Однажды в середине февраля я встретился с моим издателем в манхэттенском ресторане в районе Западных 20-х стрит. После ланча я двинулся пешком в сторону метро на углу Восьмой авеню и 34-й стрит, чтобы вернуться в Бруклин. Не доходя пяти или шести кварталов до станции, я заприметил на противоположной стороне знакомую фигуру. То, как я поступил, не делает мне чести, но в тот момент это казалось правильным решением. Мне захотелось узнать, как он проводит время, получить хоть какую-то информацию, и, вместо того чтобы его окликнуть, я незаметно последовал за ним. Было холодно, и серое промозглое небо обещало разродиться снегом. Часа два я бродил за ним тенью по лабиринту улиц. Сегодня, когда я об этом пишу, картина представляется мне более зловещей, чем она была, — по крайней мере в том, что касается моих действий. Я не собирался за ним шпионить или выведывать его секреты — я хотел увидеть просвет, обнадеживающие признаки, которые бы развеяли мою тревогу. Я говорил себе: «Сейчас он меня удивит. Сейчас он докажет, что с ним все в порядке». Но два часа скитаний между Таймс-сквер и Гринвич-Виллидж пролетели впустую. Сакс, задумчивый и неторопливый, бесцельно слонялся по городу, как заблудшая душа. Подавал милостыню нищим. Останавливался, чтобы закурить очередную сигарету. Зашел в книжную лавку и, сняв с полки мою книгу, углубился в нее на несколько минут. Заглянул в порношоп и полистал журналы с голыми девицами. Задержался перед витриной магазина электроники. Потом купил газету и устроился с ней в кофейне на углу Бликер и Макдугал. Собственно, там я его и оставил — в момент, когда официантка брала у него заказ. Это бессмысленное времяпрепровождение подействовало на меня так тяжело, так гнетуще, что по возвращении домой я даже ничего не сказал Айрис.
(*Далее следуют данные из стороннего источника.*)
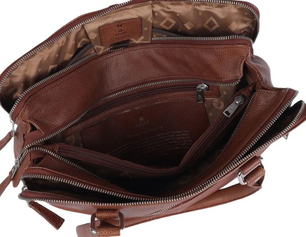 Gerda jobtaske i Napoli skind fra Adax. Tasken har to lange hanke. Tasken lukkes i toppen og på fronten er der en stor lynlåslomme. Tasken er delt op i 3 rum med hver deres lynlås der er god plads i de forskellige rum. Der er bla. en lynlåslomme, en læderlomme til en mobil samt foret lomme til PC og en tablet.

Сегодня я вижу, как мало тогда понимал, глядя со своей колокольни. Я делал выводы на основании поверхностных впечатлений и разрозненных фактов, составлявших лишь надводную часть айсберга. Знай я все факты и обстоятельства, скорее всего, не было бы у меня повода для отчаянных умозаключений. О многом я тогда не ведал, и в первую очередь — о роли Марии Тернер в жизни Сакса. Начиная с октября, они встречались регулярно по четвергам, с десяти утра до пяти пополудни. Это стало мне известно только два года спустя. И он, и она заверили меня, что секса там и близко не было. Обе редакции этой истории в главном совпадали, да и повадки Марии были мне хорошо знакомы, так что сомневаться не приходилось.
Задним числом понимаешь: в том, что Сакс потянулся к ней, нет ничего удивительного. Мария, можно сказать, была живым воплощением катастрофы, главным персонажем драмы, приведшей к падению с лестницы, поэтому важнее ее человека для него в тот момент не было. Я уже говорил о его решимости удержать в памяти события того вечера, и кто еще мог ему в этом помочь. Сблизившись с Марией, он мог постоянно видеть перед собой символ своего перерождения. Она не позволит его ранам затянуться. Всякий раз при встрече с ней он будет заново испытывать все те эмоции, которые едва его не убили. Он будет повторять этот опыт, трудиться денно и нощно, и со временем, бог даст, достигнет совершенства. Так, вероятно, все начиналось. Целью было не совратить Марию, не переспать с ней, а подвергнуть себя искушению и посмотреть, хватит ли сил выдержать. Сакс искал лекарство, способ вернуть себе самоуважение, и тут требовались самые радикальные меры. Чтобы понять, чего он стоит, он должен был снова поставить все на карту.